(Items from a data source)
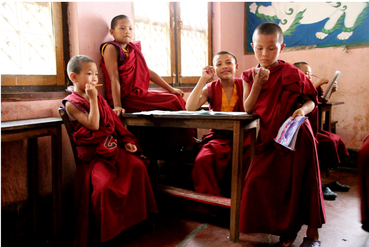
Englischunterricht im Inneren des Gadenjamghon Ling Kloster, Credit: Sophia Maier

Sie haben einfach keine Angst davor, etwas von der Welt zu verpassen, die vor den Klostermauern liegt. Sie sind eins mit sich. Sie sind eins mit dem, was übrig bleibt, wenn sie Erwartungshaltungen von außen und den Selbstverwirklichungsdrang abstreifen.
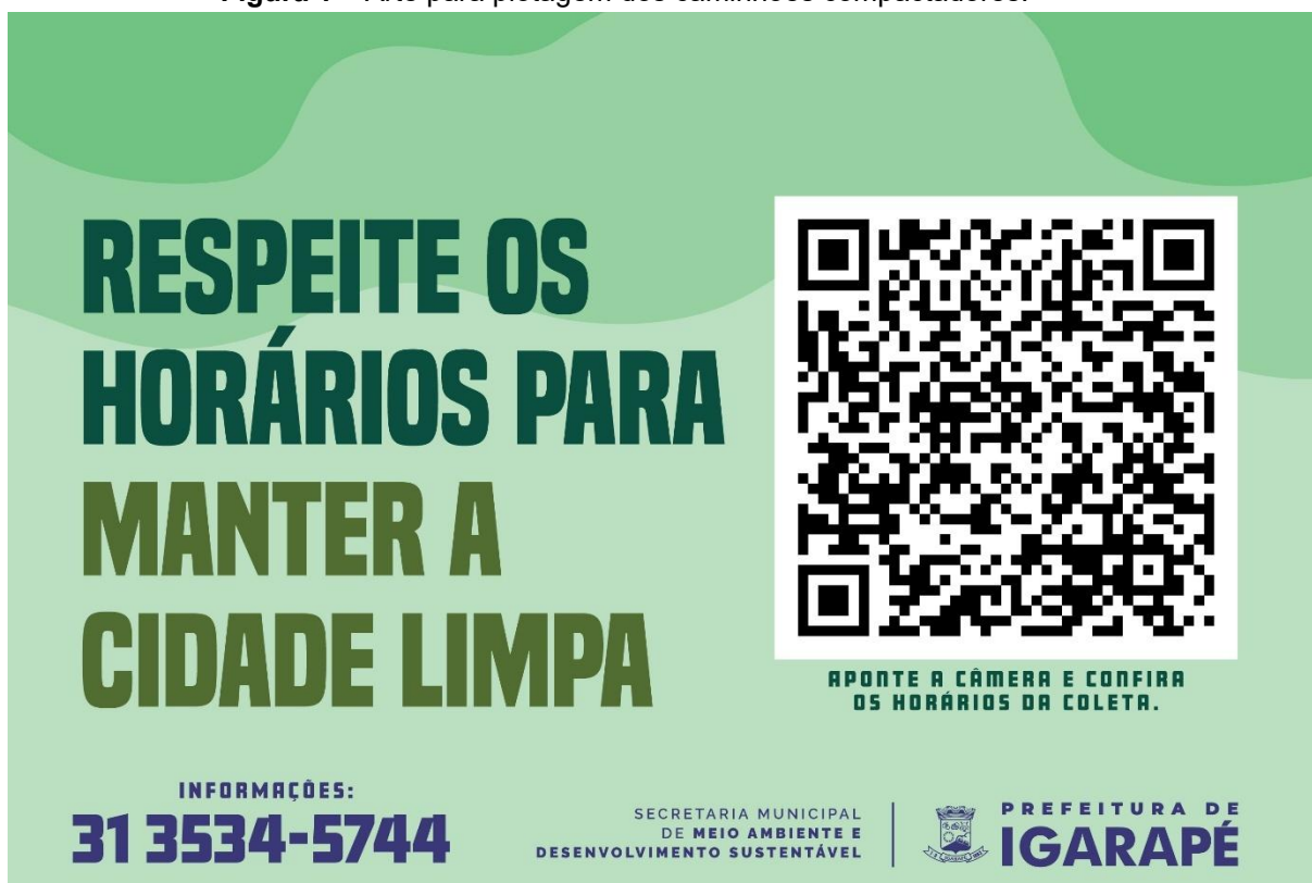
Figura 1 – Arte para plotagem dos caminhões compactadores.
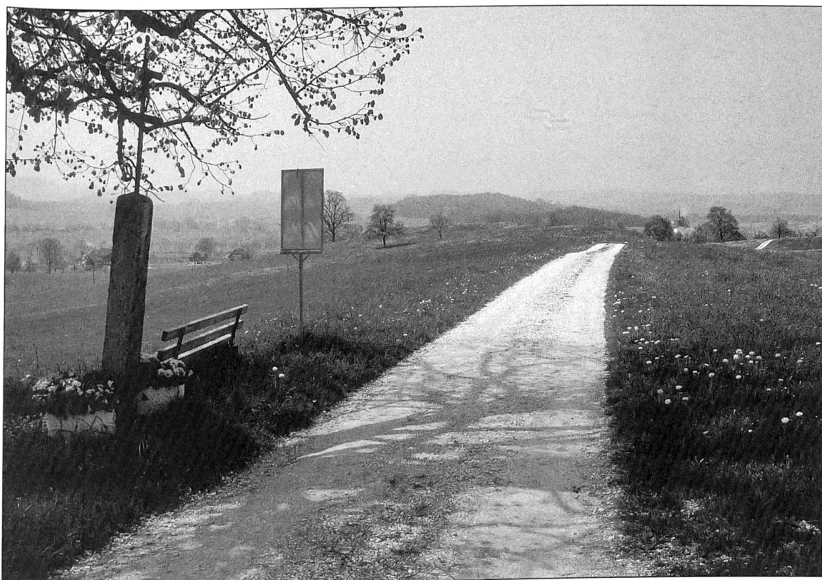
Abbildung 2: Die Landstrasse, mit undatiertem Wegkreuz, auf dem Höhenverlauf zwischen Wigarten und den Kapellen St. Ulrich und St. Ottilien. Als Güterstrasse verläuft sie als 2,5 Meter breite Schotterstrasse und wird als Wanderweg benutzt.

hauses ist 1270 erwähnt (Beleg siehe LU 27.1.4). Als Gut bereits früher erwähnt, erscheint Ettiswil im 13. Jahrhundert in den schriftlichen Quellen. Gemäss Überlieferung sind 1262 ein Gasthaus und 1326 ein Markt bezeugt (KDMLU V: 64). Ursprung und Geschichte der Sakramentskapelle von Ettiswil, die auf einem Hostienraub im 15. Jahrhundert gegründet, ist andernorts ausführlich dokumentiert (vgl. KDMLU V: 81 ff.). Güter in Schötz werden im 12. Jahrhundert erwähnt. Im Jahre 1489 kam im Bereich einer der beiden Kapellen von Schötz ein Gräberfeld zu Tage. Die Gebeine wurden für Überreste einer Gruppe thebäischer Märtyrer aus der Schar des heiligen Mauritius erklärt (KDMLU V: 204 ff.). In der Folge entwickelte sich eine regelrechte Wallfahrt, die im weite-
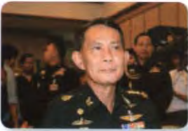
พล.อ. ปรีชา จันทร์โอชา ลำดับที่ ๐๘๒
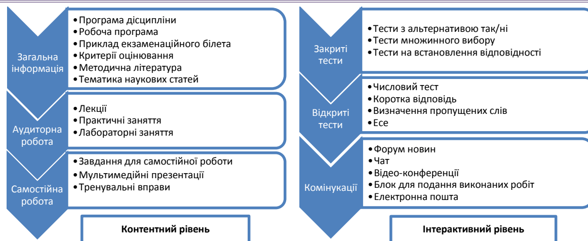
Рис. 1. Наповненість сторінки ПНС за кожною навчальною дисципліною математичного циклу
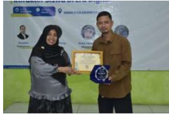
Dokumentasi 9. Penyerahan Plakat Dan Piagam Kepada Pihak Sekolah Dan Narasumber
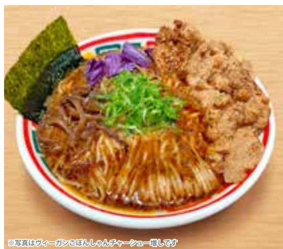
※写真はヴィーガンこぼんしゃんチャーシュー増しです
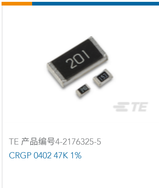
TE 产品编号4-2176325-5 CRGP 0402 47K 1%

§ DESCRIPTION OF THE TASK: A word-for-word repeat of the lines from the line with "Рис. 1. Наповненість" to the last line of the data, both ends included and pictures left out, is all that should appear.

§ RESPONSE BOX:
Рис. 1. Наповненість сторінки ПНС за кожною навчальною дисципліною математичного циклу
Dokumentasi 9. Penyerahan Plakat Dan Piagam Kepada Pihak Sekolah Dan Narasumber
※写真はヴィーガンこぼんしゃんチャーシュー増しです
TE 产品编号4-2176325-5 CRGP 0402 47K 1%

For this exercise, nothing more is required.